Angels in America Part One awes reviewer with top-notch acting

A breath of fresh air is what the actors of Otterbein’s Theatre Department so warmly gave us on stage as they struck up this Wednesday night performance of “Angels in America Part I: Millennium Approaches.”

The Pit was the greatest setting for this spectacularly conducted contemporary play. The design elements and of course the wonderful acting were like looking at a rainbow in the sky after the rain. It gripped my attention from the very beginning.

“Angels in America” was written in two separately performed parts in 1991 and 1992 by playwright Tony Kushner. Kushner covers topics such as AIDS, HIV, homosexuality and racism.

The small hand gestures of Roy Cohn (Jake Robinson) reveal to the audience the homosexuality which Cohn tries to hide from the corporate lawyer world that he has ingrained himself in so solidly. He tells his doctor, “I am a heterosexual man who sleeps with men.” In contrast, Louis (Michael Weingand) and Prior (Cameron Hobbs) have an openly gay relationship despite the stigma that comes with the “homosexual” label.

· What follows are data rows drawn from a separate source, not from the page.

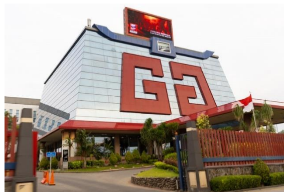
Headquarters of PT Gudang Garam in Kediri

Even in this laggard region there are success stories. Near the border with Central Java, Magetan, located on the fertile slopes of Mt Lawu, has long been a centre for horticulture. In recent years, the Regency has developed niche home industries in leather shoe manufacturing and conical hats for, amazingly, farm workers in China. In the southern city of Blitar, egg production is a growing industry spurred by an agglomeration of family companies that have been able to control egg prices throughout Java and in Jakarta. On the province's south-west coast, Pacitan, the birthplace of former Indonesian President Yudhoyono, is endeavouring to promote eco-tourism based on its abundance of natural limestone caves and beaches. However, like other towns along the south coast of East Java, the need for long supply chains as a result of a deeply indented and rugged coastline and a lack of direct east-west road and rail connections is retarding further growth in the region.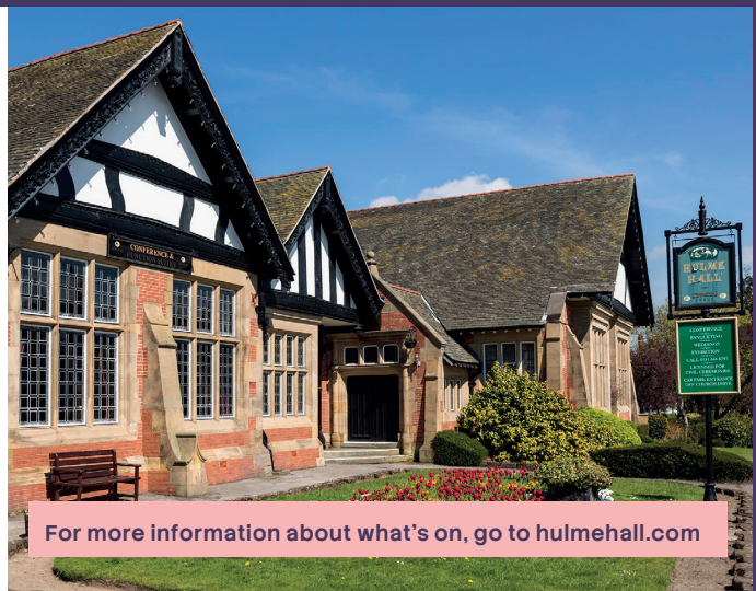
For more information about what's on, go to hulmehall.com

You can also visit Hulme Hall's café for lunches or a coffee and cake, open daily.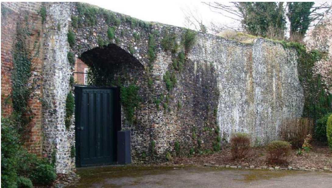
Picture 243. Impressive walls dating from the late 12th century with later additions/alterations, listed Grade II*.

5.21. Hertford Castle Bailey Walls - Grade II*. Curtain wall along north-east side of Castle Bailey. Late 12th century with later repairs and alterations. Flint rubble with clunch blocks, and extensive repairs and rebuilding in red brick laid to English bond. At south-east corner is a screen totally rebuilt in red brick. The wall attains its greatest height of 15 -18 ft, without later crenellations. Also south-east range along south-east side of Castle Bailey of similar date.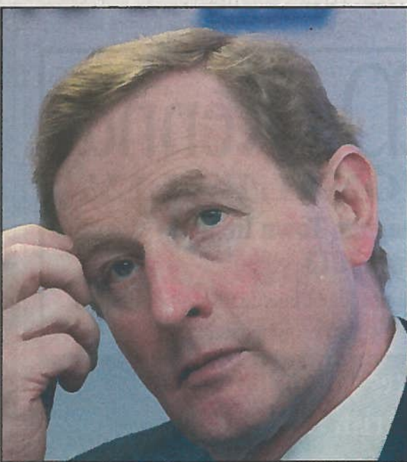
Taoiseach Enda Kenny.

Cardinal O'Malley to boycott Kenny and BC speech

The opening scene with Rabbi Isador Chemelwitz (Lauren Friednash) conducting a Jewish funeral shows the religious elements of the play. Joe (Austin Ramsey) is a closet homosexual and also a devout Mormon, and he is described as a gay Republican. His religious, awkward and frustrated character really shows the struggles with his sexuality. Joe’s resistance is characteristic of the changing political era that was the late 1980s in America. Belize, also played by Anthony Cason, is the extrovert gay. He is the sunshine through the rain in these depressing and upsetting situations.

The costumes, designed by assistant theatre professor Rebecca White, illustrate 1980s fashion perfectly. The men’s range of neutrally colored suits and the bright and gaudy jackets like Madonna wore in her music videos were all oddly fun and worked so well together.

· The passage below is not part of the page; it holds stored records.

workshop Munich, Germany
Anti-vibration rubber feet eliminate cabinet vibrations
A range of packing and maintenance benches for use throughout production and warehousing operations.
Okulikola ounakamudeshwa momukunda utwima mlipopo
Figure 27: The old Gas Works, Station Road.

The words “thresholds of revelations” was repeated over and over again in one scene by Harper (Stanzi Davis) and Mr. Lies (Anthony Cason), and it’s the theme of this breakthrough play. Every scene pushes social limits through the written text, and the theater students of Otterbein establish each character intricately.

Harper’s drug addiction and Prior’s illness contribute to well-crafted hallucination scenes. The music becomes louder, the lights become surreal and the tension levels rise as the production rolls smoothly along. One scene shows Harper rolling around in Antarctica. A white sheet and very bright blue lighting depict the snow that is exciting to Harper as she leaves her apartment to go and explore New York City alone. Prior’s horrifically terrifying yells of pain and anguish during the penultimate scene deeply vibrate through you, as if someone has put a loudspeaker next to your ear. The last scene, which should not be revealed, brings closure and rest for Prior.

Every dreamlike scene created by director Ed Vaughan, an assistant theatre professor, brought out the difficult topic of AIDS and HIV. The surreal lighting (designed by professor Rob Johnson) and mix of piano music contrasted with modern kung-fu jams (mixed by Ed Vaughan) created an ambiguous ambience between scene changes. This controversial play shows the ending of an era in the history of discrimination against homosexuality.

I think you should get out of your houses and go see this liberating play of taboo topics and trippy but well-played characters. I feel “Angels in America” helps set the high standard for the rest of the plays Otterbein has yet to show us.